- Exercise description
Beginning with the line containing "This 120cm silver" and ending at the last line of the data, set down every line exactly, leaving out all pictures.

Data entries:
+++++

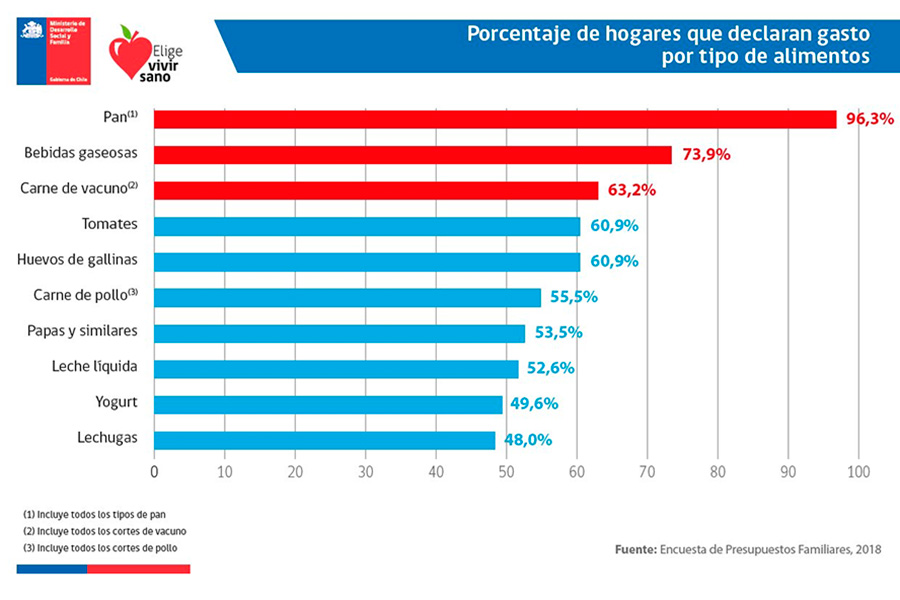 De hecho, el 96,3% de las casas chilenas declararon haber hecho un gasto en algún tipo de pan. Mientras que un 73,9 en bebida gaseosa y un 63,2 de carne de vacuno.
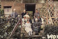 Sitting in the middle row : Robert Fisher Conway, James Conway, [?], [Samuel Lamberton Conway "Young Sam"?] [Jane Hutchison Wilkie Conway?], [Esther Agnes Ford Conway?], [James Eric Arbuckle Binnie?], [Janie Stewart Conway?], hiding behind the trellis [?]
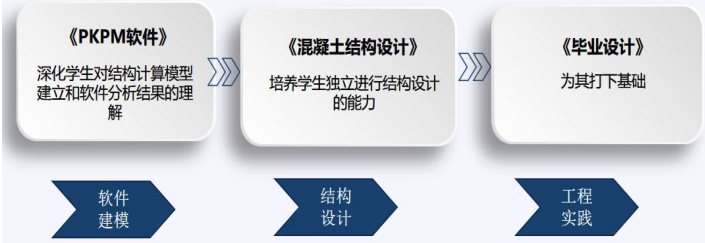 混凝土结构设计课程作为建筑工程专升本专业大二的核心课程,在“软件建模-结构设计-工程实践”的能力链培养中起着承上启下的作用,如图 1 所示。该课程深化学生对 PKPM 软件中结构计算模型建立和软件分析结果的理解,又为后续的毕业设计打下基础。
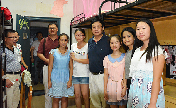 在4-341、343寝室,梅院长还看望了英韩专业、英日专业的同学,他在新同学面前郑重的交待外语系主任许晓艳:“一定要打通学生继续深造、出国学习的通道,培养更多高素质的应用型人才!”
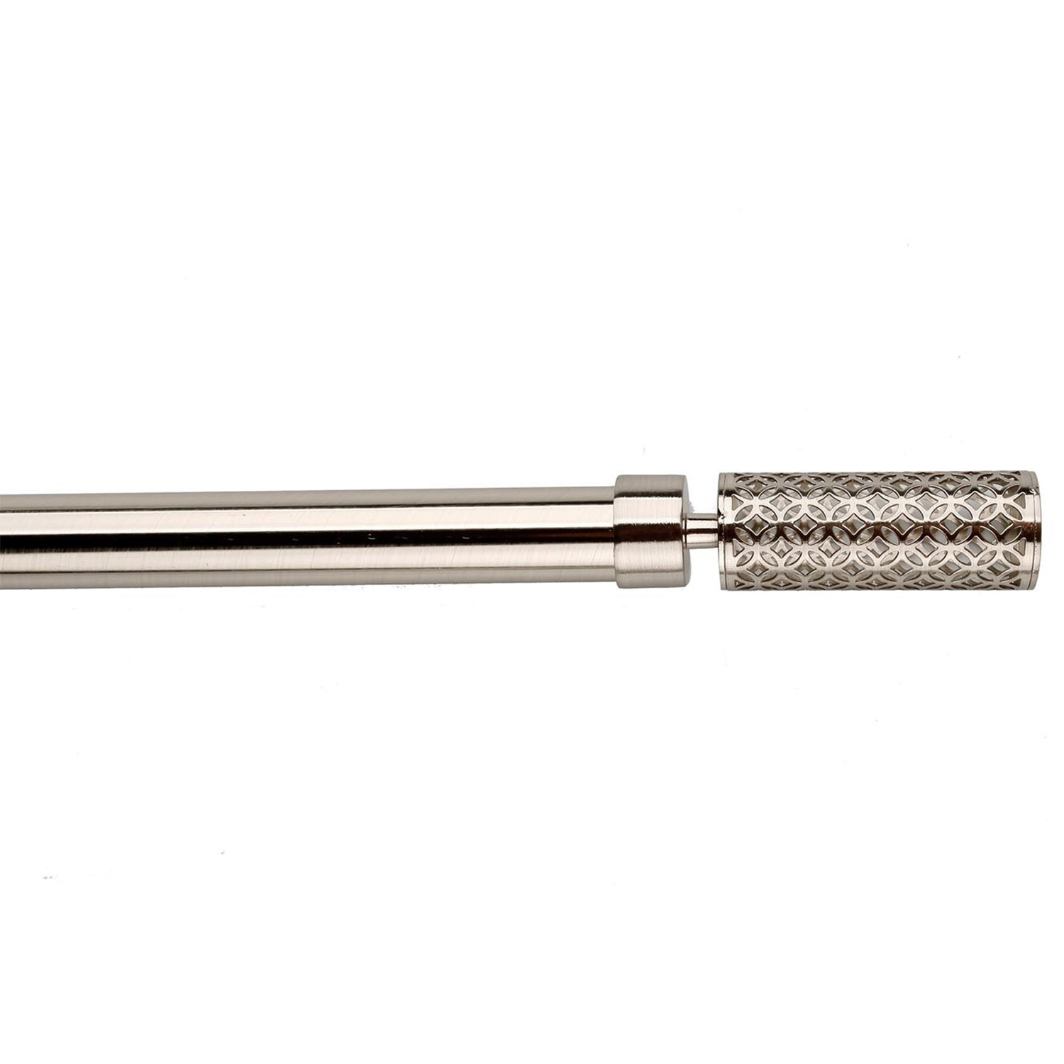 This 120cm silver curtain pole offers a sophisticated way to enhance your window. Featuring geometric pattern finials, it adds a subtle modern touch to any room. This pole complements any curtain design, completing your space.
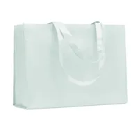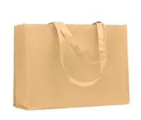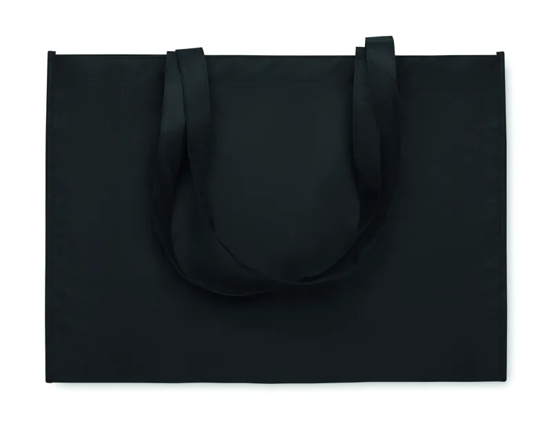 Bevásárló- vagy strandtáska RPET nem szőtt anyagból, oldalsó toldással és hosszú fogantyúval. 80 g/m².

+++++

- Problem solution
 This 120cm silver curtain pole offers a sophisticated way to enhance your window. Featuring geometric pattern finials, it adds a subtle modern touch to any room. This pole complements any curtain design, completing your space.
 Bevásárló- vagy strandtáska RPET nem szőtt anyagból, oldalsó toldással és hosszú fogantyúval. 80 g/m².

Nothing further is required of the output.